● Input records:
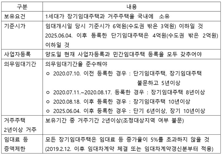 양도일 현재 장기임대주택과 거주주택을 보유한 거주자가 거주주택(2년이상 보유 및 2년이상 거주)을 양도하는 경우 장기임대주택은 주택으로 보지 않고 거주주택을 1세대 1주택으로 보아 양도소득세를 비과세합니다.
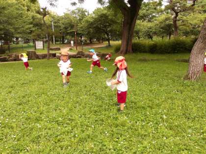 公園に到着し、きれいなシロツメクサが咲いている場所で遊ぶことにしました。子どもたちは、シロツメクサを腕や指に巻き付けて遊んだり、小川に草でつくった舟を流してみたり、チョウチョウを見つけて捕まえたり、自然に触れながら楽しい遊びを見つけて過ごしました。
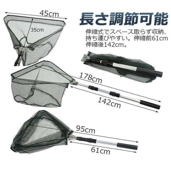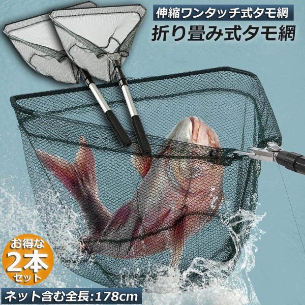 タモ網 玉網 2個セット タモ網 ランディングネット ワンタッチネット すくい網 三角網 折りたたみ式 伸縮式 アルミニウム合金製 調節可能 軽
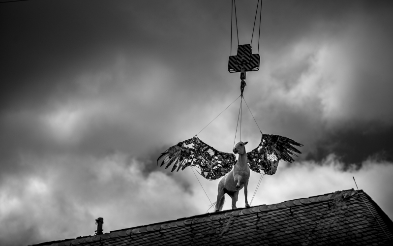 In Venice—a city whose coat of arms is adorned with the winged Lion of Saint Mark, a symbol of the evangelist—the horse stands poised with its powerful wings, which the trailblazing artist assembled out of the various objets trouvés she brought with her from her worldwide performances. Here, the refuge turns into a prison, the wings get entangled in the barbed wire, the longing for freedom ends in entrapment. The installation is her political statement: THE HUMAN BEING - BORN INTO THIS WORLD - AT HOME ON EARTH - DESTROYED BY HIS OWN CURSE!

* * *

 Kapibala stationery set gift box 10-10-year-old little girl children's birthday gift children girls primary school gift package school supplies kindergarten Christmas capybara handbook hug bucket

● Prompt: Starting at the line above that holds "タモ網 玉網 2個セット", repeat every line exactly down to and including the line that holds "In Venice—a city", then stop. Do not carry over any pictures.

● Problem solution:
 タモ網 玉網 2個セット タモ網 ランディングネット ワンタッチネット すくい網 三角網 折りたたみ式 伸縮式 アルミニウム合金製 調節可能 軽
 In Venice—a city whose coat of arms is adorned with the winged Lion of Saint Mark, a symbol of the evangelist—the horse stands poised with its powerful wings, which the trailblazing artist assembled out of the various objets trouvés she brought with her from her worldwide performances. Here, the refuge turns into a prison, the wings get entangled in the barbed wire, the longing for freedom ends in entrapment. The installation is her political statement: THE HUMAN BEING - BORN INTO THIS WORLD - AT HOME ON EARTH - DESTROYED BY HIS OWN CURSE!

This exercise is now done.